Available data »
================================
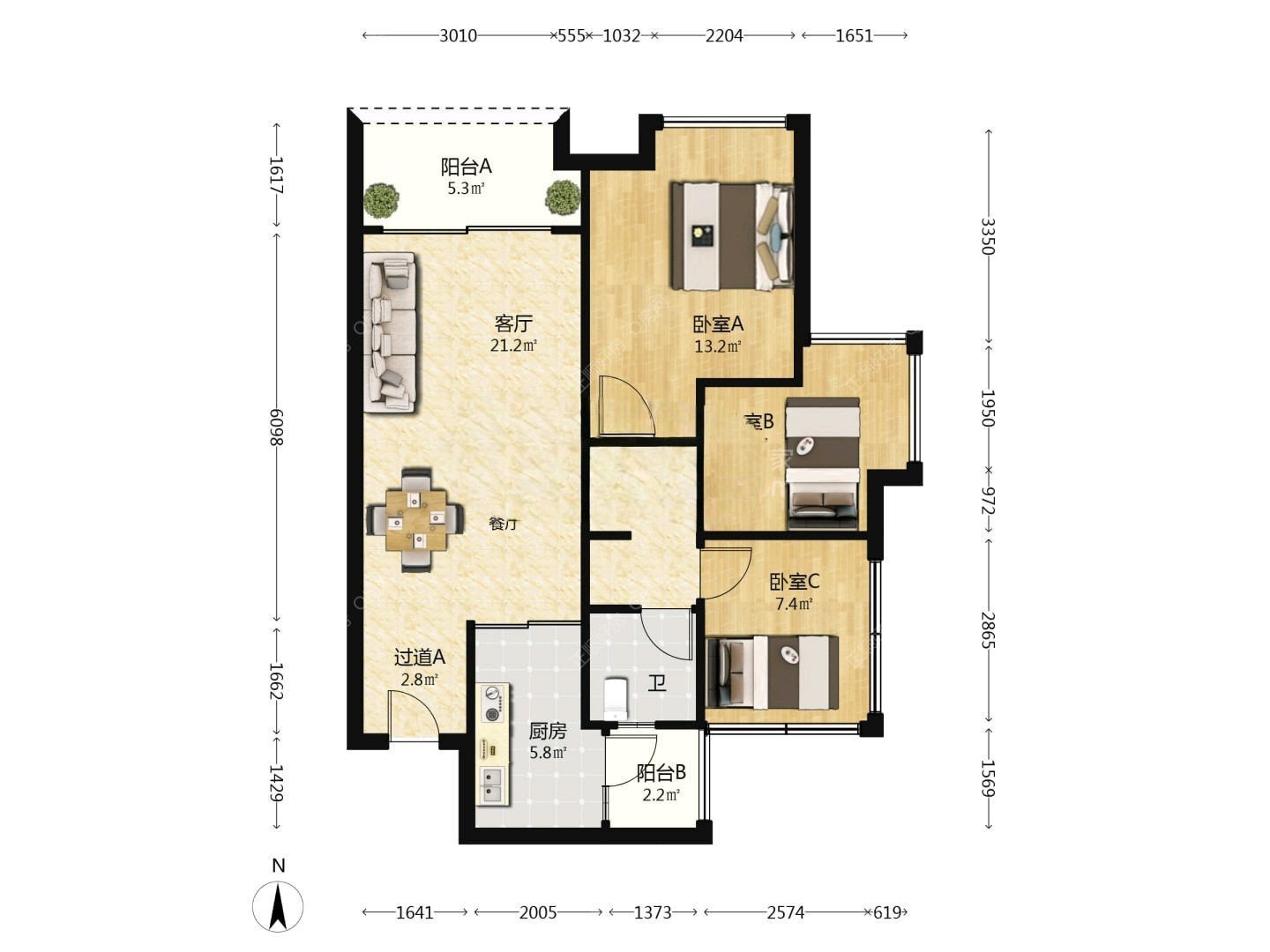 3房2厅1卫
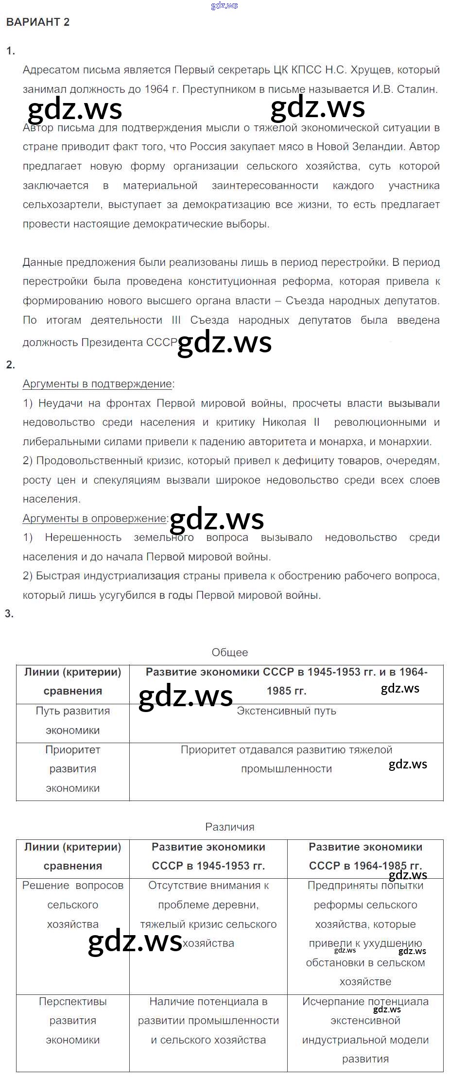 Готовый и полный ответ к КР №2 (варианты) Итоговые контрольные работы - Истории 10 класс Артасов Контрольные работы УМК ФГОС
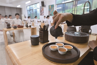 5月8日,福建武夷山旅游职业中专茶艺与茶营销专业的学生在老师的示范下学习茶艺。近年来,武夷山市持续推进茶文化、茶技能教育走进校园,在当地职业学校重点开设了茶艺、茶叶加工、茶营销等专业,为茶文化传播培养职业技能人才。
================================
Give back all of the material exactly, though without the images it contains.

Your response »
 3房2厅1卫
 Готовый и полный ответ к КР №2 (варианты) Итоговые контрольные работы - Истории 10 класс Артасов Контрольные работы УМК ФГОС
 5月8日,福建武夷山旅游职业中专茶艺与茶营销专业的学生在老师的示范下学习茶艺。近年来,武夷山市持续推进茶文化、茶技能教育走进校园,在当地职业学校重点开设了茶艺、茶叶加工、茶营销等专业,为茶文化传播培养职业技能人才。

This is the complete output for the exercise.